If .NET is truly open source... then presumably it may be time to stick a fork in it. ..... Adair
That's another worry already well done and now prone to terrifying Microsoft because of what IT can do to/for Operating Systems Administrators/Special Operations Executives ....... and that be, some ambulance chasing lawyers types might insist, a suitable case for the award and reward of monumental punitive damages in a classy action prosecution exploring negligent proprietary intellectual property development in-house.
Monday 25th October 2021 15:52 GMT Kev99
I'm not a developer so pardon my ignorance. And personally, if .Net is coded as well as microsoft's other products I'd never touch it.
So my curiosoty asks why couldn't a code pull those few hundred lines and drop them into whatever project they're working on? Isn't .net supposed to be "open source"?
Monday 25th October 2021 19:14 GMT Anonymous Coward
You could, but it would require people to install and use your forked copy, not impossible just a non desirable solution for mass adoption.

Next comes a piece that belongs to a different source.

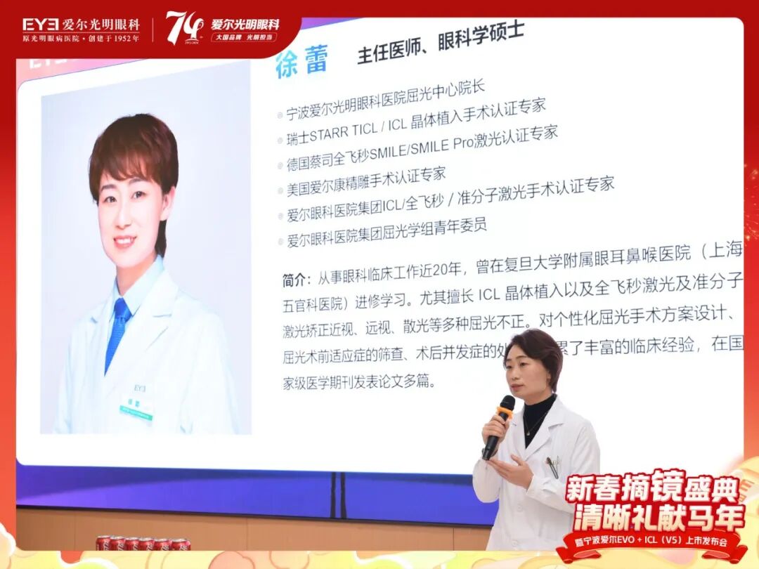 随后,宁波爱尔光明眼科医院屈光科院长徐蕾院长围绕 V5 晶体的技术特点、适应人群及临床价值进行了系统分享,结合真实案例深入解读了该技术在夜间视觉质量优化和精准屈光定制方面的临床意义。

As i said above, open source is not the same as community driven, their are plenty of open source projects where the source is free, but the docs and support only exist if you pay a hefty fee, and good luck getting it up and running if you dont have time to pick apart the code to work out just what the magic config file value should be, yes is open source but thats not the same as making it useful or even wanting community contributions to its code base apart from reproducable bug reports.